The gang of fools known as the Scottish Palestine Solidarity Campaign, in unfortunate and baffling cooperation with the Scottish Trades Union Congress, is planning a protest when the HaPoel Tel Aviv soccer club plays Glasgow Celtic on Wednesday December 2.
Hillel Schenker, a leftwing Israeli, last year provided a basic explanation of Israeli professional soccer for the ignorant (willful and otherwise):
Hapoel Tel Aviv was once owned by the Histadrut [trade union confederation], but it’s still considered the ultimate left-wing team in Israel, definitely by its fans. As for Maccabi Tel Aviv, they are associated with the capitalist bourgeoisie, not the Likud…

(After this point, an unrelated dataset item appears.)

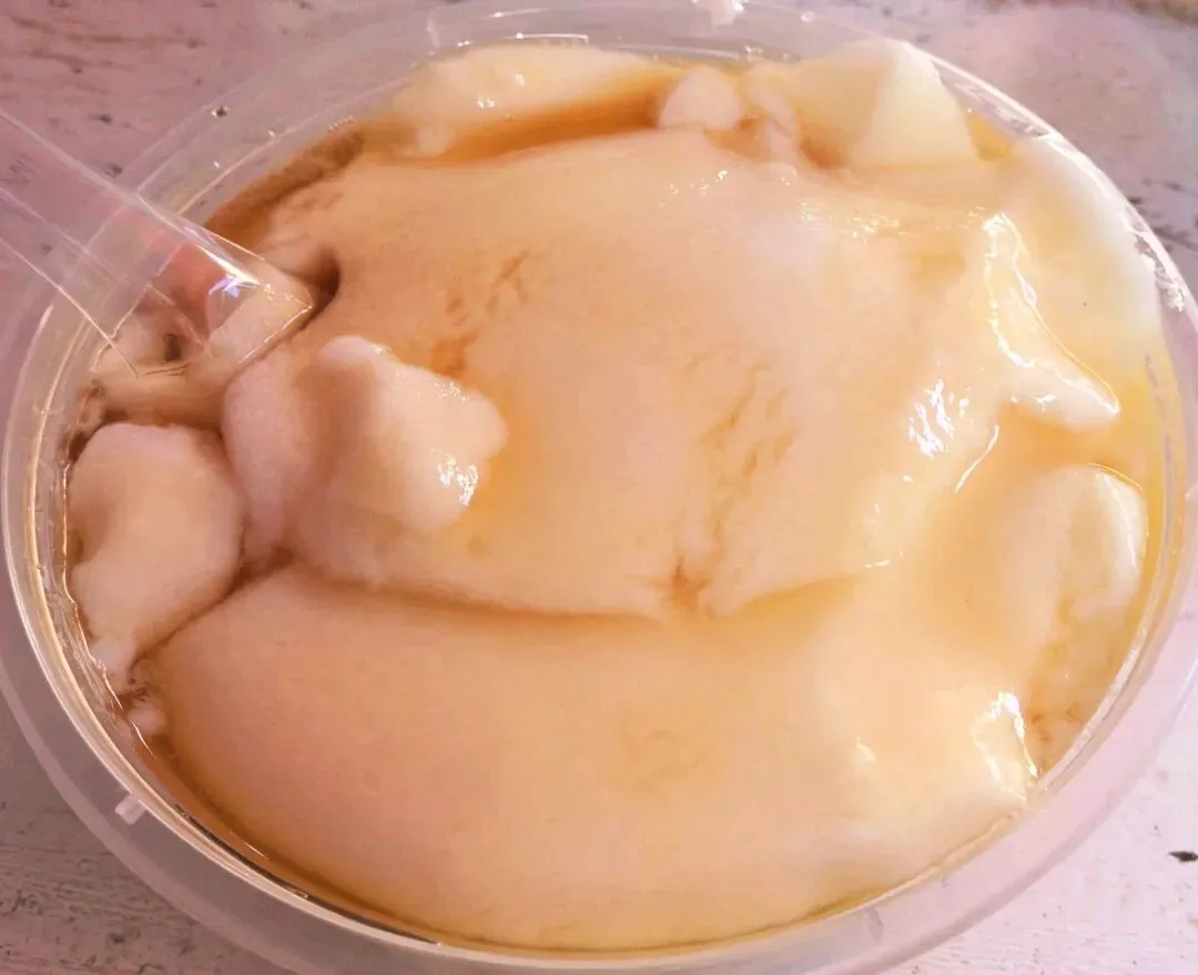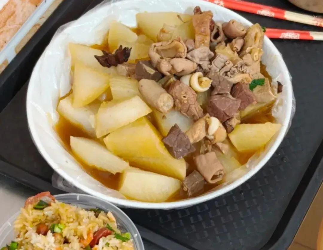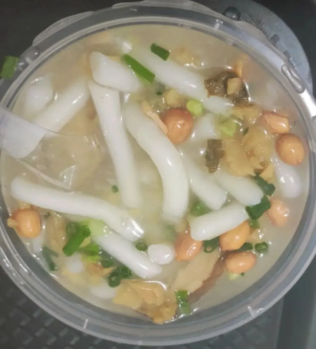 上次去广州,去了一家宝藏苍蝇小馆。年底,妹妹的工作很忙,已经有好长一段时间没有回老家看妈妈了。我们有空,回老家接妈妈一起去了广州。妹妹是真忙,家里乱得也不知道有多久没有收拾了。冰箱里除了即食的东西,菜啊肉啊,什么都没有。我们把家里打扫干净,去买菜回来煮饭,吃了饭,下午妹妹出去办事,我们也跟着她一起出去帮忙。事情办完了,她带着我们拐进了一条巷子里,说带我们吃这里很好吃的小食。“就前面那家店吗?”我望向那黑乎乎的人头,在慢慢地往前移动的长龙。“对,就是那里。每次,我过来这边办事,都来这里吃。等会,你们尝尝。”“糯米饭,猪红汤,濑粉,萝卜牛杂,豆腐花……对了,番薯糖水也有。味道都不错”十来分钟,排到我们了,妹妹经常来吃,而且知道妈妈和我的口味,由她来点单。“三碗糯米饭,三碗猪红汤,一份萝卜牛杂,一碗濑粉,一碗豆腐花,一碗番薯糖水。”“不要点太多了,我们才三个人,吃不完这么多,太浪费了。”店主阿姨她们动作很快,三下五除二,就把食物都给我们端过来了。还别说,在外面跑了一个下午,有点饿了,尤其看到这么多好吃的。先吃腊味糯米饭把肚子填饱,糯米软软的,但是不粘牙,里面有腊肠和腊肉,切成薄片,广式的味道,小小一只的虾米有点野的鲜香,花生,还有葱花的点缀,看来来很有好吃。等不及了,吃一口,食材的各种味道与糯米饭渗在一起了,咸、鲜、香。再吃一口,有点油,肚子饿,一下子把一碗吃完了。不知道是不是还另外放了油,再加上腊味渗到饭里的油,本是软糯的糯米饭,吃完一碗,才发觉腻了。碗里的猪红有好几块,还挺大块的,还没有吃,就闻到了胡椒粉的味道,吃一块,好滑,嫩嫩的,汤有点胡椒的辣味。吃完这一碗,没有想到刚才的腻感,好像没有了。不过有点饱了,妹妹让我尝尝这里的传统濑粉,汤看着很浓,夹一筷子,咬一下,有点硬,不知道是用什么粉做的,我觉得一般。豆腐花,我们要的是甜的,滑滑、嫩嫩,不青涩,一股黄豆的香味,还不错。已经很饱了,妹妹还让我尝尝番薯糖水和牛杂萝卜。行,我再吃一点。番薯糖水,不会太甜,但是番薯不糯,一咬下去就散开,不是很喜欢。牛杂萝卜,没有煮得太软,有点韧,味道咸了一点了。萝卜虽然还是整块的,但是很入味,如果喜欢萝卜那种软软烂烂的口感,那这个不合适。这里的东西是真便宜,吃了几样,觉得腊味糯米饭、猪红肠、豆腐花比较好吃,难怪有这么多人来排队。
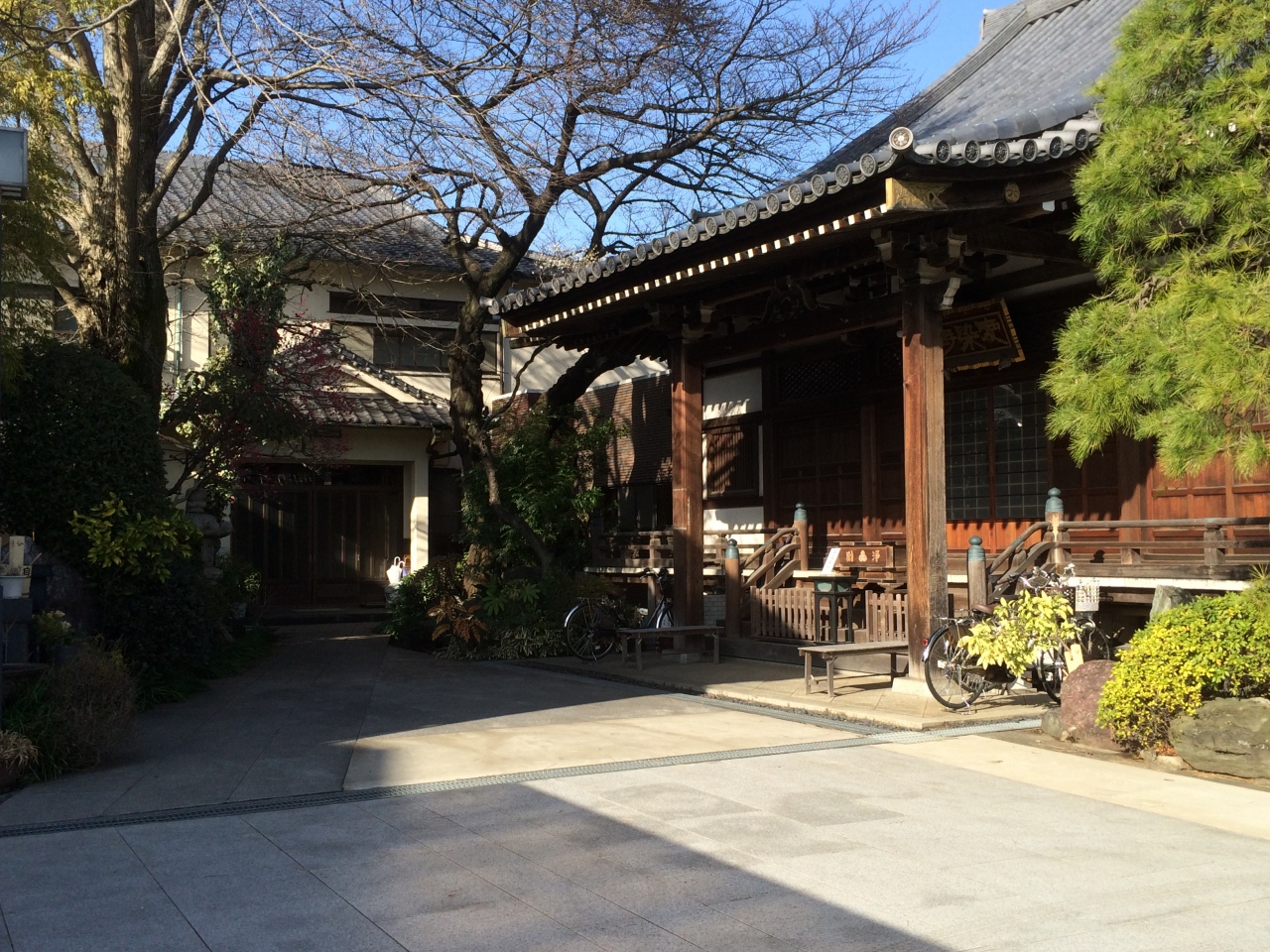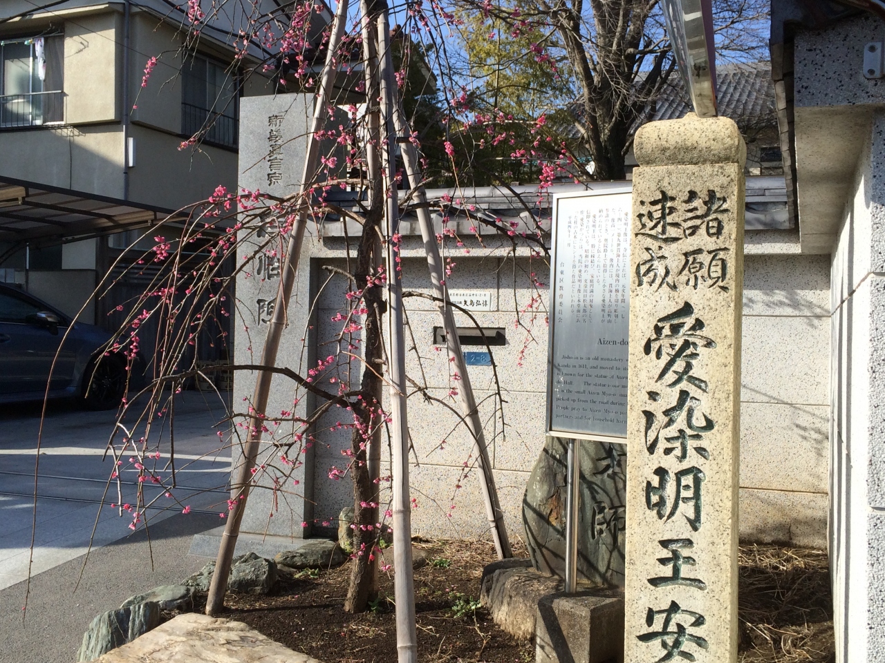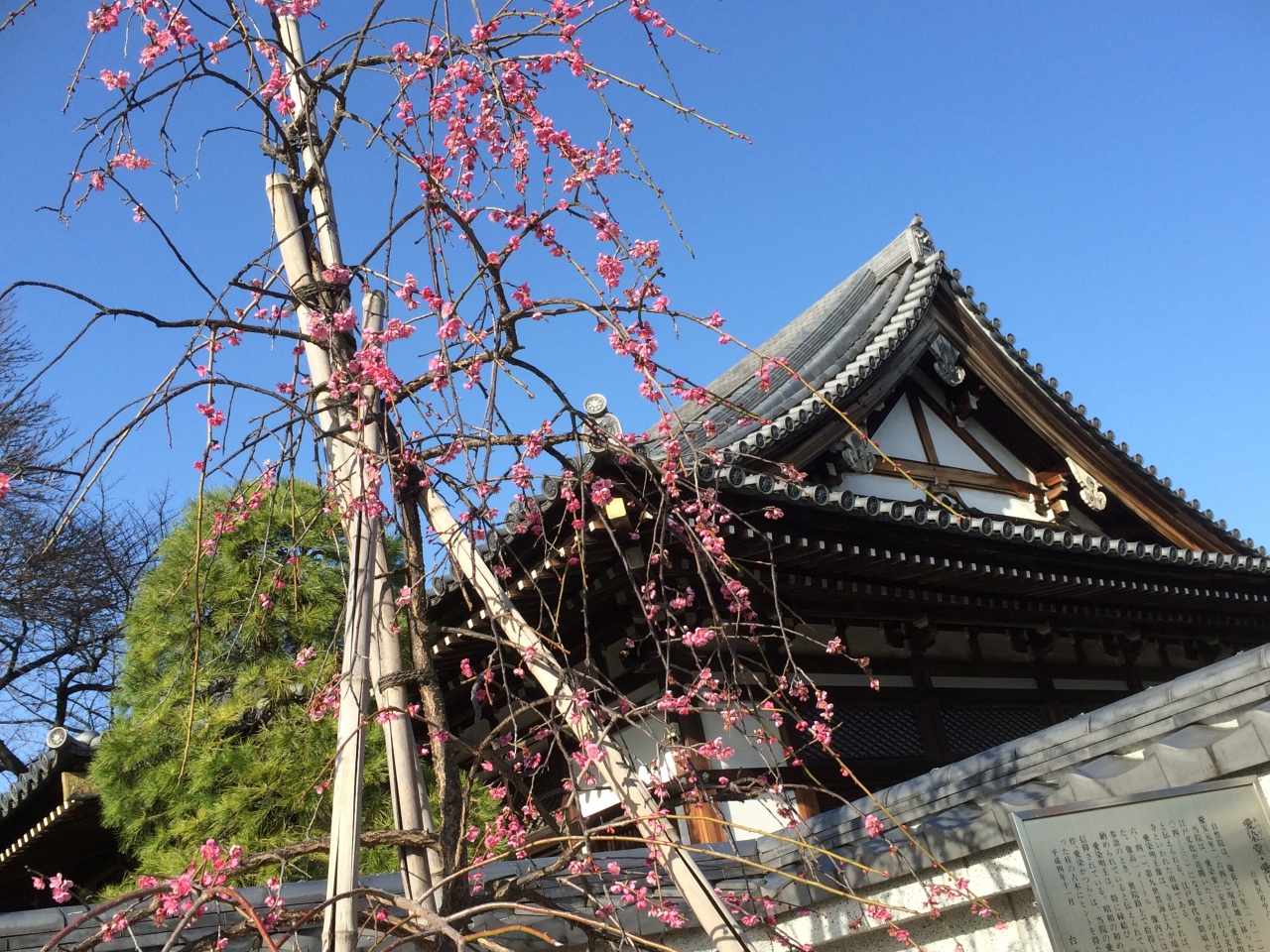 このお寺は塀越しに咲く大きな枝垂れ桜が見事なのですが、春浅いこの日は、去年にでも植えられたかのような、か細い紅梅が健気に花を咲かせていました。

The Likud team is Beitar Jerusalem, the only Israeli soccer team which has never had an Arab or a Moslem player. Today, virtually every other team has at least one, and frequently a few Arab and Druze players. Hapoel Tel Aviv’s captain is an Arab, Walid Badir, and the captain of the under 21 national team is another Hapoel Tel Aviv minority player, Bibrus Natko, who is a Circassian. As you may know, there is also an Arab team in the top league – Bnai Sachnin, Arab-owned with a Jewish coach. There is a wonderful film made about them: ‘We too don’t have any other country.’ About half the players are Arabs from Sachnin and other Galilean towns, and the other half are Jews and internationals. This year they are one of the top four teams in the league.
If it were the disgusting, deliberately Arab-free Beitar (the SPSC’s mirror image) that was playing in Glasgow, I’d be inclined to support a protest. But HaPoel Tel Aviv? A club with a leftwing tradition (HaPoel means “the worker”) and an Arab captain? A club which promotes– through its Mifalot project— mixed childrens’ soccer teams of “Jewish-Israelis, Arab-Israelis, Palestinians, Bedouins, Druze, Christians, Refugees, Ethiopian Immigrants, and Kibbutz children”?
Who is serious about peace and reconciliation between Jews and Arabs in the Middle East and who is interested only in continued conflict and hatred?